▶ [Exercise objective]:
An exact copy of all the data is needed, with every picture left out.

[Records supplied — start]

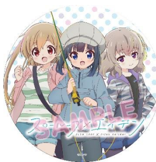
コラボヘッドマーク、ラッピングのイメージ
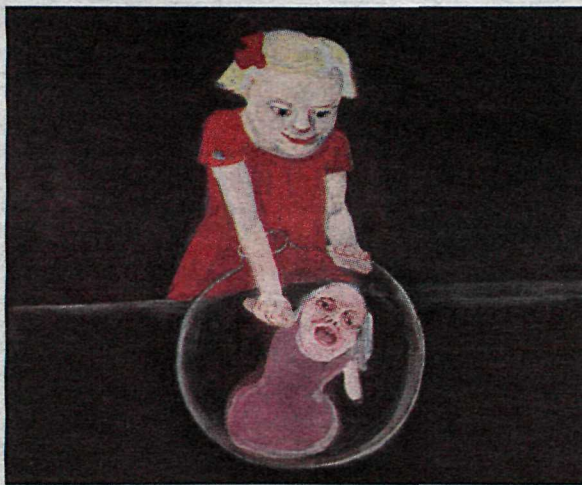
Lena Cronqvist: Stúlka í rauðu ásamt móður, 1999. Límlitir og olía á striga, 121 x 144 sm. Lena á tvímælalaut „Óþægilegustu“ verkin á sýningunni.
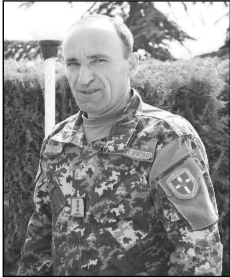
დაზუსტებულია სასაზღვრო ზოლი?

შსს სასაზღვრო პოლიციის დედოფლისწყაროს სამმართველოს ხელმძღვანელებმა ადგილობრივ ახალგაზრდებთან შეხვედრა გამართეს. სამმართველოს ხელმძღვანელმა პოლკოვნიკმა ნიკოლოზ ზურაბიშვილმა მოზარდების შეკითხვებს უპასუხა და საზღვრის მნიშვნელობასა და მესაზღვრის როლზე ისაუბრა. კითხვების დასმის შესაძლებლობა „შირაქსაც“ მიეცა. ეს უპრეცედენტო შეხვედრა იყო, რადგან ამ უწყებას ასეთი ფორმატის ღია შეხვედრა არასოდეს გაუმართავს და მათი ყოველდღიური საქმიანობის გაცნობა ხელმისაწვდომი აღარ არის. შეხვედრას, რომელიც ინტერაქტიულ რეჟიმში წარიმართა სამმართველოს უფროსის მოადგილე მერაბ შუბითიძეც ესწრებოდა.
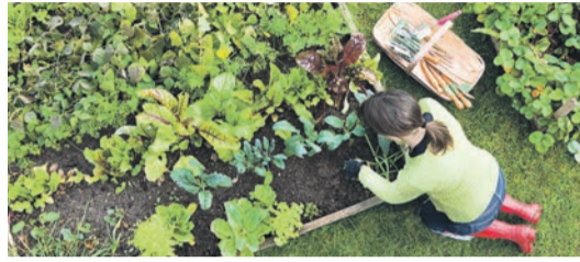
Frischer und regionaler geht es nicht: Gemüse aus dem eigenen Garten.

(djd). In Deutschland ist 2022 vieles teurer geworden: vor allem Energie, aber auch Lebensmittel. Gerade bei Nahrungsmitteln können die Menschen aber gegensteuern, etwa durch den eigenen Anbau von Gemüse. Anfänger sollten sich im Vorfeld gut informieren, wie der Garten für den Gemüseanbau beschaffen sein muss und welches Timing man in Sachen Aussaat und Ernte beachten muss. Selbstversorgerboxen mit ausgewähltem Saatgut, wie es sie in verschiedenen Ausführungen beispielsweise von Saatgut Dillmann gibt, können deshalb nicht nur für Anfänger eine schöne Geschenkidee zu Weihnachten sein. Die Boxen sind in der naturbelassenen Version mit 32 Sämereien, in der Biovariante mit 22 Sämereien sowie 14 in der Balkon- und Terrassenausführung unter www.saatgut-dillmann.de erhältlich.
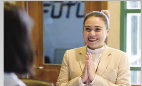
Training Center MGMT
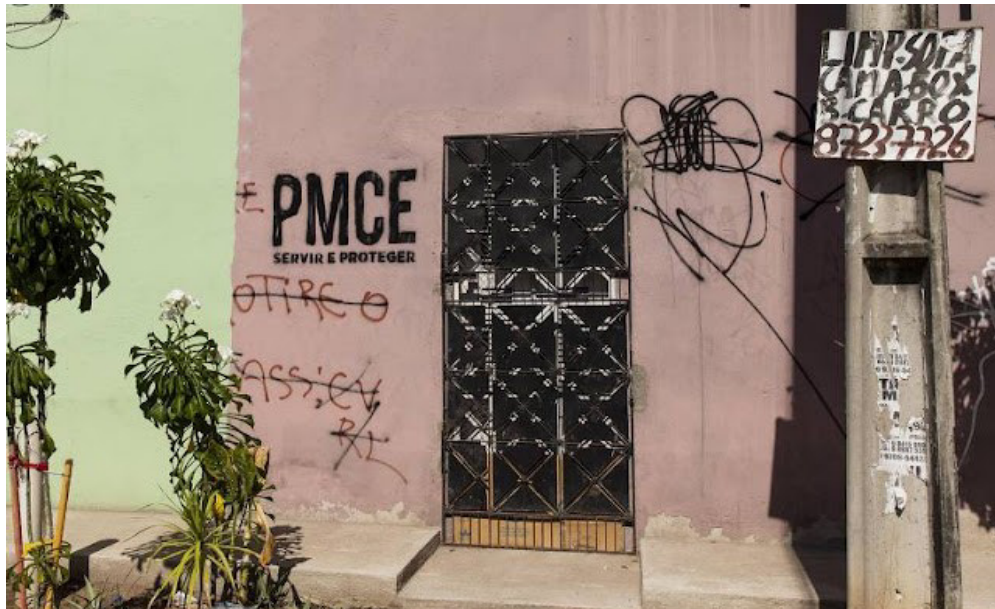
Figura 13 – Parede de favela em Fortaleza tem pichação de facção criminosa e da Polícia Militar do estado:

Ao tentar se incorporar nesse circuito, essas novas intervenções mostram que os elementos envolvidos nas questões de segurança pública, tem conhecimento do poder da pichação na manutenção desses coletivos dentro das comunidades, sendo a pichação uma fonte de estudo das relações do crime com o território da cidade, da filosofia e modo de atuação das facções que desafiam o próprio estado.
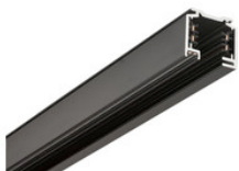
25-202 EUTRAC Stromschiene 3-Phasen Aufbauschiene 2000mm - schwarz 25-202
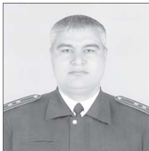
Подполковник Илҳомжон Камолитдинович ОРТИКОВ –

Республика ИИБ Патруль-пост хизмати ва жамоат тартибини сақлаш бош бошқармасига бевосита бўйсунувчи Хорижий давлатлар дипломатик ваколатхоналарини қўриқлашни таъминлаш бўйича алоҳида милиция батальони командири лавозимига
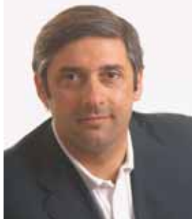
On. Toni Scilla Deputato Regionale

«Circola voce che il governo siciliano, per evitare di sfiorare il patto di stabilità, abbia deciso di bloccare la spesa regionale oscurando di fatto il bilancio. Addio peronospera e fondo di solidarietà per gli agricoltori? Mi auguro che questa scelta non comporti dannose conseguenze verso l'agricoltura, settore strategico e fondamentale per l'intera economia isolana. Non lo permetteremo, siamo pronti a fare anche le barricate. Abbiamo lavorato in Assemblea Regionale durante l'approvazione dell'ultima finanziaria, per ridare dignità ad un settore spesso oggetto di speculazione e di inganni. Grazie alla sinergia tra gli allora assessori Bufardeci e Cimino ed ancora il mio gruppo politico siamo riusciti ad impegnare 30.000.000,00 di euro per pagare la peronospera e ad avviare tante altre iniziative a sostegno del settore. Entro dicembre questi soldi devono arrivare nelle tasche degli agricoltori, non tollereremo nessun tipo di ritardo». A dichiararlo è l'On. Toni Scilla, appresa la notizia della decisione della giunta del blocco temporaneo della spesa.
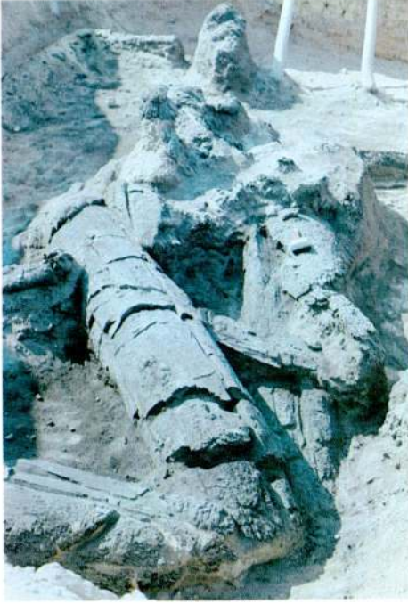
Res. 3 - Sarıkaya Sarayı yanmış direk kalıntıları.
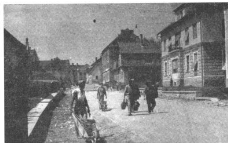
Plakovanje radgonske ceste v Lenartu hitro napreduje. Delavci so položili kocke že do središča trga. Na sliki: Del tlakovane ceste in delavci, ki se po končanem delu vračajo domov.
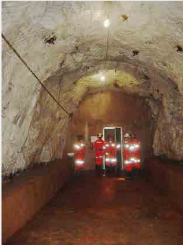
Entrada de depósito de explosivo em subsolo
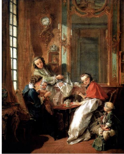
Şekil 3. Le Dejeuner, TÜYB, 81.5x65.5cm, 1739, Louvre Müzesi, Paris

Bu çalışmanın amacı Francois Boucher'in eserlerinde Chinoiserie etkisini incelenmektedir. Bu amaç doğrultusunda Boucher'in Çin'in sanatı ve kültür anlayışından nasıl etkilendiği ve sanat eserlerini nasıl şekillendirdiği araştırılmıştır. Konumuz itibariyle incelediğimiz 10 eserde yer alan Çin sanat ve kültür anlayışı anlatılacak olursa ilk çalışma sanatçının "Le Dejeuner" isimli eseridir.
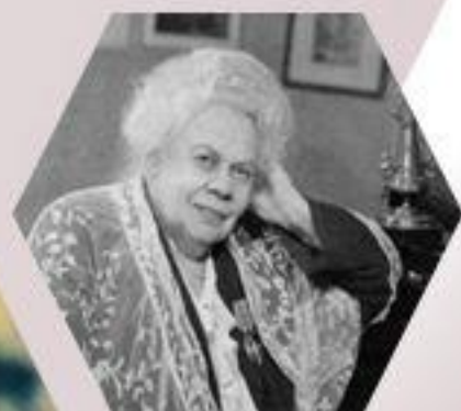
Е. Ф. Гнесина
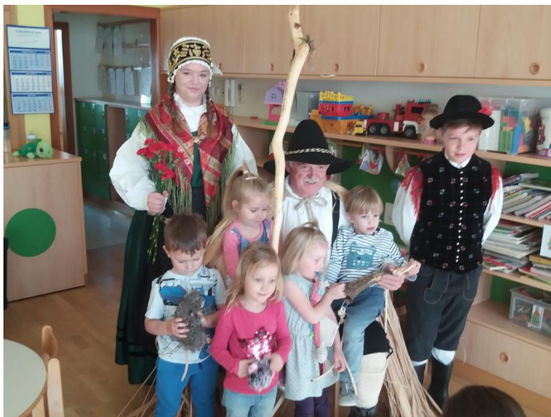
Sliki 20 in 21: Druženje ob predstavitvi Slovenije

Predstavitve je potekala odlično. Otroci so bili pri planšarju previdni, saj so ga videli prvič. Večina je bila kar pogumna, le nekaj otrok se ga je malo prestrašilo, zato so bili še bolj previdni. Opazila sem, da najbolj poznajo kranjsko klobaso, saj so jo tudi poskusili. Otroci so se zabavali in na koncu tudi zaplesali.
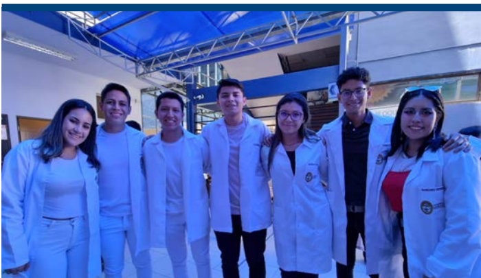
Grupo de estudiantes de Medicina. La primera promoción será inolvidable, expresaron.
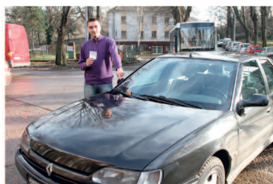
4 ПОЗИЦИОНИРАЊЕ НА ДОЊИ ДЕСНИ ДЕО ВЕТРОБРАНскоГ СТАКЛА
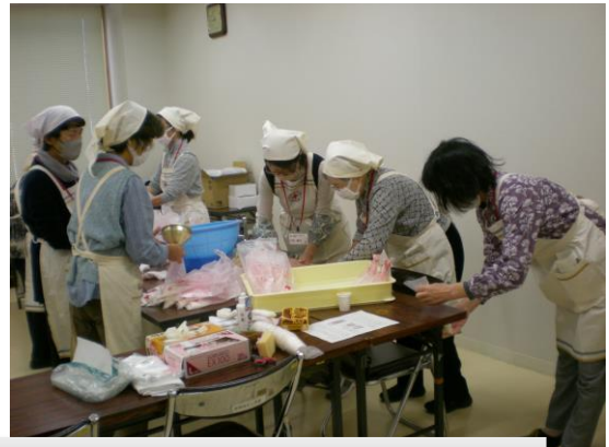
炊き出し訓練 100食分の炊飯準備

また、今年は4年ぶりに佐渡市赤十字奉仕団新穂班のみなさんのご協力により炊き出し訓練も実施しました。
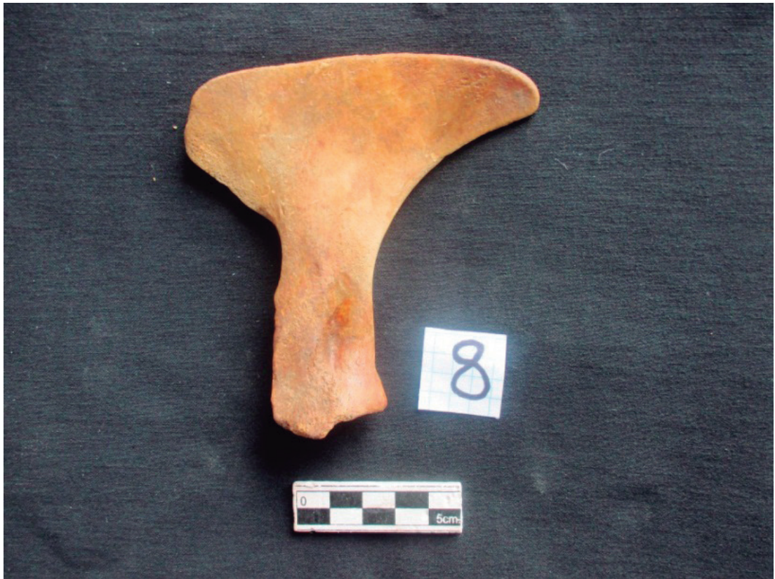
Figura 19: Pelvis izquierda de camélido, trabajada y desgastada en el borde iliacaal “alisador”, considerado como una “illa”. Unidad III, cuadrícula E1, capa B.
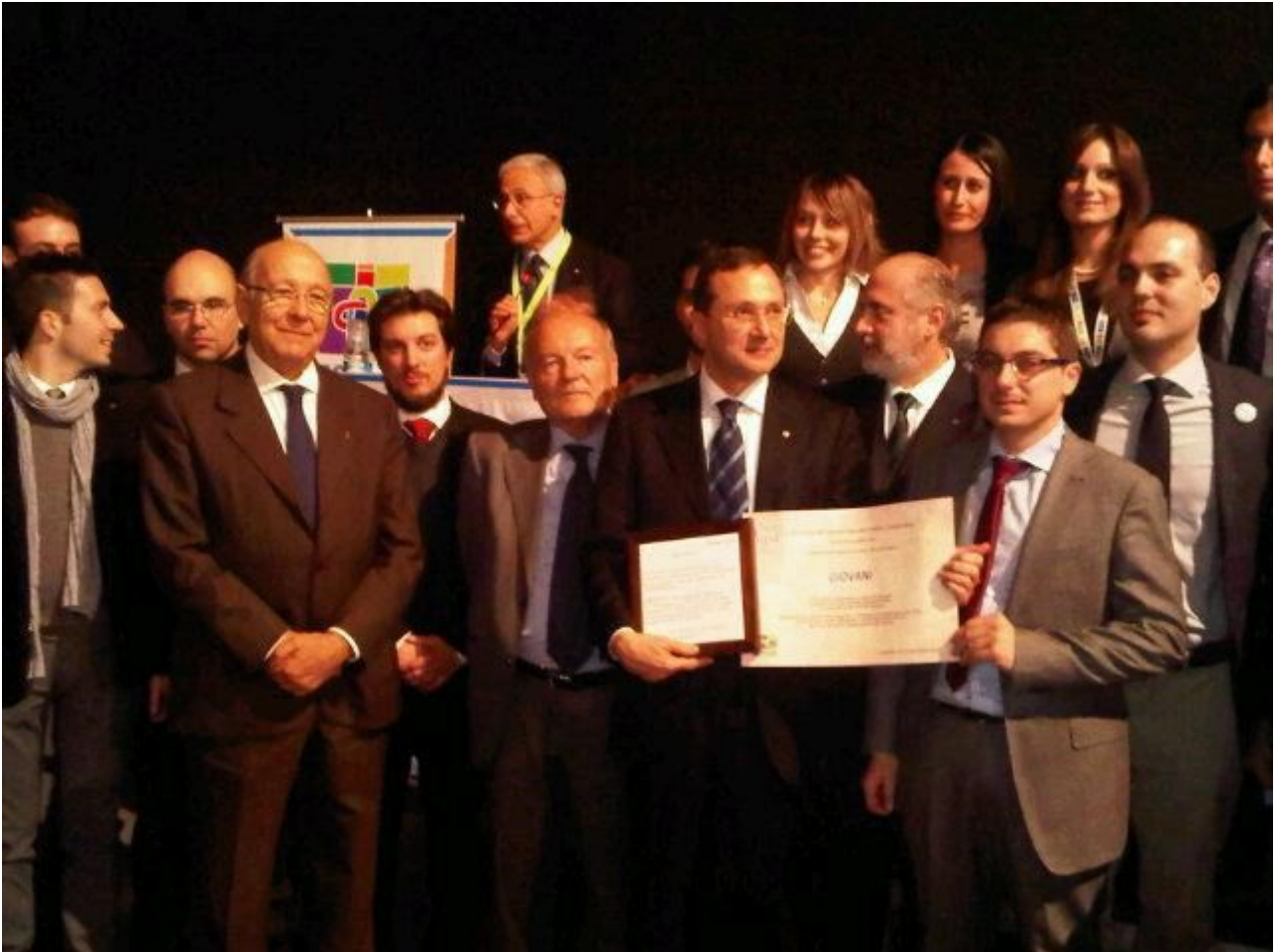
Roma - Forum Giovani Soci

Il Forum di Roma per il Club ha rappresentato uno spazio importante di confronto e di condivisione di idee ed esperienze con le altre associazioni, in vista della costruzione di una futura rete nazionale.
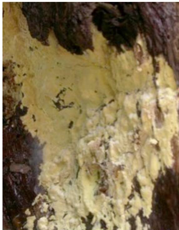
・大枝の樹皮に付着した背着生子実体
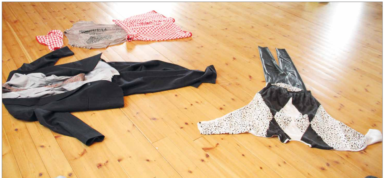
Laihanlaisia ja jopa laiskoja ovat nämä hahmot.
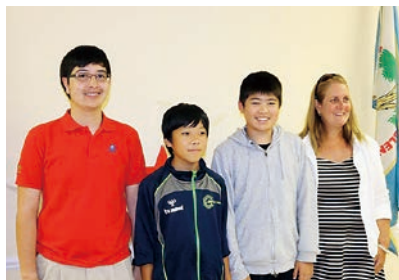
ホストファミリーと(左から2番目)

僕の研修の目標は「ホストファミリーに積極的に話しかけること」でした。はじめは緊張しあまり話しかけることができませんでしたが、だんだん話せるようになりました。ホストファミリーと会話できた時はとてもうれしかったです。ホストファミリーの方々はとても優しくフレンドリーで、彼らも積極的に話しかけてきてくれました。そのおかげで、現地で過ごした日々はとても充実していました。そして「言葉」よりも「伝えようとする気持ち」の方が大事だということに気が付きました。これからは、この経験を生かして頑張っていこうと思いました。
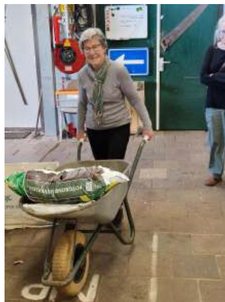
Bep weet nu hoe ze de kruiwagen het best kan beladen.
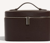
LE VANITY 59€
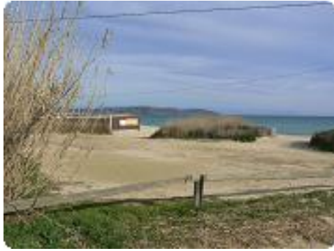
[1] Descente vers la plage.
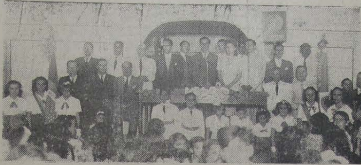
Mesa que presidiu à sessão de encerramento do ano letivo
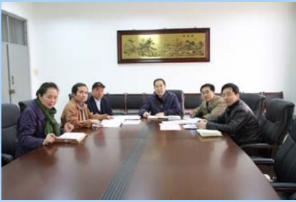
图书馆学术委员会开展业务研讨

[Records supplied — finish]

▶ [Result below]:
コラボヘッドマーク、ラッピングのイメージ
Lena Cronqvist: Stúlka í rauðu ásamt móður, 1999. Límlitir og olía á striga, 121 x 144 sm. Lena á tvímælalaut „Óþægilegustu“ verkin á sýningunni.
დაზუსტებულია სასაზღვრო ზოლი?

შსს სასაზღვრო პოლიციის დედოფლისწყაროს სამმართველოს ხელმძღვანელებმა ადგილობრივ ახალგაზრდებთან შეხვედრა გამართეს. სამმართველოს ხელმძღვანელმა პოლკოვნიკმა ნიკოლოზ ზურაბიშვილმა მოზარდების შეკითხვებს უპასუხა და საზღვრის მნიშვნელობასა და მესაზღვრის როლზე ისაუბრა. კითხვების დასმის შესაძლებლობა „შირაქსაც“ მიეცა. ეს უპრეცედენტო შეხვედრა იყო, რადგან ამ უწყებას ასეთი ფორმატის ღია შეხვედრა არასოდეს გაუმართავს და მათი ყოველდღიური საქმიანობის გაცნობა ხელმისაწვდომი აღარ არის. შეხვედრას, რომელიც ინტერაქტიულ რეჟიმში წარიმართა სამმართველოს უფროსის მოადგილე მერაბ შუბითიძეც ესწრებოდა.
Frischer und regionaler geht es nicht: Gemüse aus dem eigenen Garten.

(djd). In Deutschland ist 2022 vieles teurer geworden: vor allem Energie, aber auch Lebensmittel. Gerade bei Nahrungsmitteln können die Menschen aber gegensteuern, etwa durch den eigenen Anbau von Gemüse. Anfänger sollten sich im Vorfeld gut informieren, wie der Garten für den Gemüseanbau beschaffen sein muss und welches Timing man in Sachen Aussaat und Ernte beachten muss. Selbstversorgerboxen mit ausgewähltem Saatgut, wie es sie in verschiedenen Ausführungen beispielsweise von Saatgut Dillmann gibt, können deshalb nicht nur für Anfänger eine schöne Geschenkidee zu Weihnachten sein. Die Boxen sind in der naturbelassenen Version mit 32 Sämereien, in der Biovariante mit 22 Sämereien sowie 14 in der Balkon- und Terrassenausführung unter www.saatgut-dillmann.de erhältlich.
Training Center MGMT
Figura 13 – Parede de favela em Fortaleza tem pichação de facção criminosa e da Polícia Militar do estado:

Ao tentar se incorporar nesse circuito, essas novas intervenções mostram que os elementos envolvidos nas questões de segurança pública, tem conhecimento do poder da pichação na manutenção desses coletivos dentro das comunidades, sendo a pichação uma fonte de estudo das relações do crime com o território da cidade, da filosofia e modo de atuação das facções que desafiam o próprio estado.
25-202 EUTRAC Stromschiene 3-Phasen Aufbauschiene 2000mm - schwarz 25-202
Подполковник Илҳомжон Камолитдинович ОРТИКОВ –

Республика ИИБ Патруль-пост хизмати ва жамоат тартибини сақлаш бош бошқармасига бевосита бўйсунувчи Хорижий давлатлар дипломатик ваколатхоналарини қўриқлашни таъминлаш бўйича алоҳида милиция батальони командири лавозимига
On. Toni Scilla Deputato Regionale

«Circola voce che il governo siciliano, per evitare di sfiorare il patto di stabilità, abbia deciso di bloccare la spesa regionale oscurando di fatto il bilancio. Addio peronospera e fondo di solidarietà per gli agricoltori? Mi auguro che questa scelta non comporti dannose conseguenze verso l'agricoltura, settore strategico e fondamentale per l'intera economia isolana. Non lo permetteremo, siamo pronti a fare anche le barricate. Abbiamo lavorato in Assemblea Regionale durante l'approvazione dell'ultima finanziaria, per ridare dignità ad un settore spesso oggetto di speculazione e di inganni. Grazie alla sinergia tra gli allora assessori Bufardeci e Cimino ed ancora il mio gruppo politico siamo riusciti ad impegnare 30.000.000,00 di euro per pagare la peronospera e ad avviare tante altre iniziative a sostegno del settore. Entro dicembre questi soldi devono arrivare nelle tasche degli agricoltori, non tollereremo nessun tipo di ritardo». A dichiararlo è l'On. Toni Scilla, appresa la notizia della decisione della giunta del blocco temporaneo della spesa.
Res. 3 - Sarıkaya Sarayı yanmış direk kalıntıları.
Plakovanje radgonske ceste v Lenartu hitro napreduje. Delavci so položili kocke že do središča trga. Na sliki: Del tlakovane ceste in delavci, ki se po končanem delu vračajo domov.
Entrada de depósito de explosivo em subsolo
Şekil 3. Le Dejeuner, TÜYB, 81.5x65.5cm, 1739, Louvre Müzesi, Paris

Bu çalışmanın amacı Francois Boucher'in eserlerinde Chinoiserie etkisini incelenmektedir. Bu amaç doğrultusunda Boucher'in Çin'in sanatı ve kültür anlayışından nasıl etkilendiği ve sanat eserlerini nasıl şekillendirdiği araştırılmıştır. Konumuz itibariyle incelediğimiz 10 eserde yer alan Çin sanat ve kültür anlayışı anlatılacak olursa ilk çalışma sanatçının "Le Dejeuner" isimli eseridir.
Е. Ф. Гнесина
Sliki 20 in 21: Druženje ob predstavitvi Slovenije

Predstavitve je potekala odlično. Otroci so bili pri planšarju previdni, saj so ga videli prvič. Večina je bila kar pogumna, le nekaj otrok se ga je malo prestrašilo, zato so bili še bolj previdni. Opazila sem, da najbolj poznajo kranjsko klobaso, saj so jo tudi poskusili. Otroci so se zabavali in na koncu tudi zaplesali.
Grupo de estudiantes de Medicina. La primera promoción será inolvidable, expresaron.
4 ПОЗИЦИОНИРАЊЕ НА ДОЊИ ДЕСНИ ДЕО ВЕТРОБРАНскоГ СТАКЛА
炊き出し訓練 100食分の炊飯準備

また、今年は4年ぶりに佐渡市赤十字奉仕団新穂班のみなさんのご協力により炊き出し訓練も実施しました。
Figura 19: Pelvis izquierda de camélido, trabajada y desgastada en el borde iliacaal “alisador”, considerado como una “illa”. Unidad III, cuadrícula E1, capa B.
Roma - Forum Giovani Soci

Il Forum di Roma per il Club ha rappresentato uno spazio importante di confronto e di condivisione di idee ed esperienze con le altre associazioni, in vista della costruzione di una futura rete nazionale.
・大枝の樹皮に付着した背着生子実体
Laihanlaisia ja jopa laiskoja ovat nämä hahmot.
ホストファミリーと(左から2番目)

僕の研修の目標は「ホストファミリーに積極的に話しかけること」でした。はじめは緊張しあまり話しかけることができませんでしたが、だんだん話せるようになりました。ホストファミリーと会話できた時はとてもうれしかったです。ホストファミリーの方々はとても優しくフレンドリーで、彼らも積極的に話しかけてきてくれました。そのおかげで、現地で過ごした日々はとても充実していました。そして「言葉」よりも「伝えようとする気持ち」の方が大事だということに気が付きました。これからは、この経験を生かして頑張っていこうと思いました。
Bep weet nu hoe ze de kruiwagen het best kan beladen.
LE VANITY 59€
[1] Descente vers la plage.
Mesa que presidiu à sessão de encerramento do ano letivo
图书馆学术委员会开展业务研讨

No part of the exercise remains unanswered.